- Family Computer version box art
- Developer: Now Production
- Publisher: Namco
- Composer: Yoshie Arakawa
- Series: Wagyan
- Platforms: Family Computer, Game Gear
- Release: JP: February 9, 1989;
- Genre: Platform
- Mode: Single-player

= Wagyan Land =

1989 video game

 is a 1989 platform video game developed by Now Production and published for the Family Computer by Namco. A port for the Game Gear was released in 1991. The game is based on the 1987 arcade game Wagyan. A sequel, Wagyan Land 2, was released in 1990.

==Gameplay==

Wagan shoots sound wave projectiles at enemies.

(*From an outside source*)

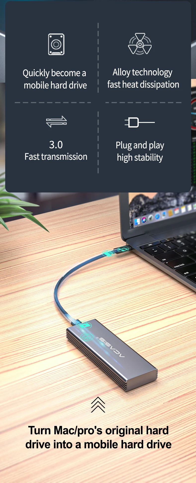 Внешний чехол ACASIS NVME M.2 SSD Эксклюзивный чехол для жесткого диска ACASIS Type-C USB3.0 Type-C Macbook Air/Pro превращает оригинальный жесткий диск Mac в съемный диск. Поддерживает Windows, Mac dual system, сильную совместимость, не нужно водить. Передача 5 Гбит/с Отправка к тип-c USB3.0 5GPs, измерение непрерывного чтения и записи, чтение до 452 МБ/с., высокая скорость отправки Примечание: система, которая в настоящее время поддерживает UASP, должна быть WIN8/WIN10/MAC 0S8 и 9 или выше, и ПК должен поддерживать функцию UASP. ПК, ОС, жесткий диск, передача отличается. Производительность может отличаться. Вышеуказанные данные получены от ACASIS. О совместимости Этот продукт доступен только для MacBook Apple 2014 2016 2017 Air, Pro и т. Д. И таких серий, как MacBook Air/Pro 2014 2015 2016 2017 имеют встроенный SSD. Обратите внимание: твердотельные накопители Toshiba и OWC не поддерживаются, пожалуйста, убедитесь, что ваш SSD MacBook совместим с этим интерфейсом. Прочный и стабильный Высококачественный алюминиевый сплав, он прочный, устойчивый к давлению и имеет Превосходное тепловыделение. Предотвращает аномальное образование тепла продукта. Удобство Внутренний Размер 108*32*13 мм, внешний Размер 108*38*13 мм размер удобно носить с собой. Не требуется привод, горячая замена, готов к подключению и использованию. Способ установки: 1. Удалите печатную плату, вставьте жесткий диск в слот и зафиксируйте жесткий диск. 2. Вставьте печатную плату установленного жесткого диска к жесткому диску. 3. Вставьте переднюю крышку в чехол и затяните винты.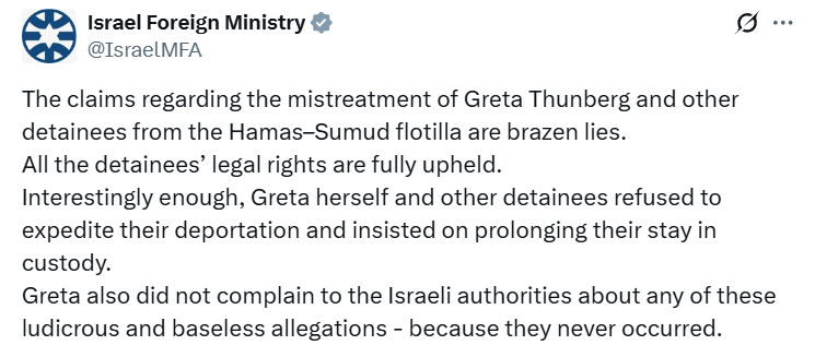 声明中写道,“颇有意思的是,格蕾塔本人及其他被拘留者均拒绝加速办理驱逐手续,反而坚持要延长拘留期间的滞留时间。对于这些荒唐且毫无根据的指控,格蕾塔也从未向以色列当局提出过任何投诉,因为这些事本来就没发生过。”

The player character, Wagyan, has the ability to temporarily stun his enemies with sound waves shaped like the noises "Wah" (ワッ) and "Gyah" (ギャー, Gyā). Enemies cannot be destroyed with Wagyan's sound waves, but the player can stand over one while it is stunned. When the player picks up a Wagyanizer, the sound effects shot by Wagyan will become bigger with each increment, allowing the player to stun enemies for longer periods. When a four Wagyanizers are collected, Wagyan will become invincible for a limited period, increasing his walking speed and allowing him to defeat enemies by touching them. However, Wagyan will revert to his initial sound effect attack once the invincibility effect wears off. There is no energy gauge in; if the player touches an enemy or falls into a trap, one life is lost.

The objective of the game is to reach the end of each action scene by making the best use of Wagyan's sound wave attacks and jumping ability. The player must confront a boss at the end of certain stages, but instead of actually fighting the boss in battle, the player is challenged to a mini-game where they must score more points than their opponent.

==Release==
Wagyan Land was included in the compilation Namcot Collection.

==Reception==

Review scores
| Publication | Score |
|---|---|
| Computer and Video Games | 92/100 |
| Famitsu | 27/40 |
| Mean Machines Sega | 85% |
| Sega Zone | 89/100 |

==Sequels==
The game spawned several sequels:
- Wagyan Land 2 (1990, Famicom)
- Super Wagyan Land (1991, Super Famicom)
- Wagyan Land 3 (1992, Famicom)
- Super Wagyan Land 2 (1993, Super Famicom)
- Wagyan Paradise (1994, Super Famicom)
- Hirameki Action: Chibikko Wagyan no Ōkina Bōken (2009, Nintendo DS)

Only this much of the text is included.